Large-scale systems increasingly exhibit a differential between intra-chip and inter-chip communication performance especially in hybrid systems using accelerators. Processor-cores on the same socket are able to communicate at lower latencies, and with higher bandwidths, than cores on different sockets either within the same node or between nodes. A key challenge is to efficiently use this communication hierarchy and hence optimize performance. We consider here the class of applications that contains wave-front processing. In these applications data can only be processed after their upstream neighbors have been processed. Similar dependencies result between processors in which communication is required to pass boundary data downstream and whose cost is typically impacted by the slowest communication channel in use. In this work we develop a novel hierarchical wave-front approach that reduces the use of slower communications in the hierarchy but at the cost of additional steps in the parallel computation and higher use of on-chip communications. This tradeoff is explored using a performance model. An implementation using the reverse-acceleration programming model on the petascale Roadrunner system demonstrates a 27% performance improvement at full system-scale on a kernel application.

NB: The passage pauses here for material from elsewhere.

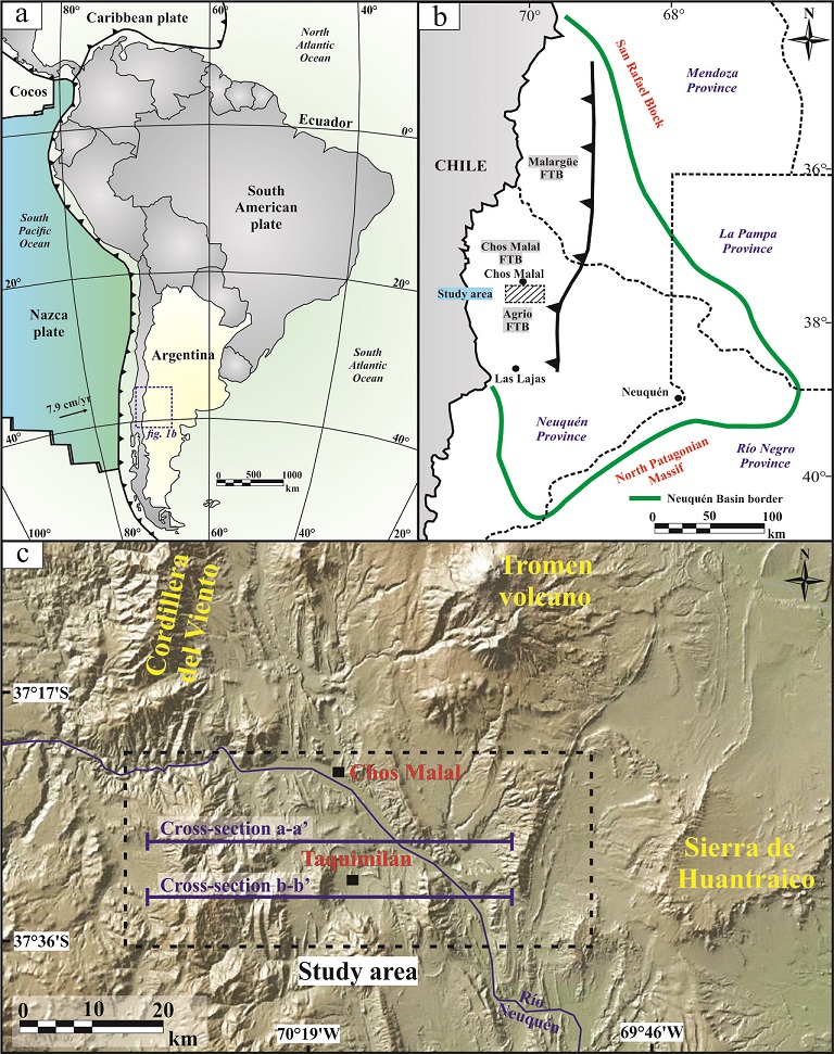 Fig. 1. a. Present-day tectonic setting at the convergent border between the Nazca and South American plates; b. Limits of the Mesozoic Neuquén Basin with the location of the Agrio, Chos Malal and Malargüe fold and thrust belts (FTB); c. Digital elevation model of the study area in the northwest of the Neuquén Province.

The approach is generally applicable to large-scale multi-core and accelerated systems where a differential in communication performance exists.

Research highlights
► We develop a novel implementation of wavefront algorithms for hybrid supercomputers.
► The use of slow communications is reduced but at the cost of increased compute steps.
► The tradeoff is explored for many system configurations using a performance model.
► An implementation on the petascale Roadrunner system demonstrates a 27% improvement.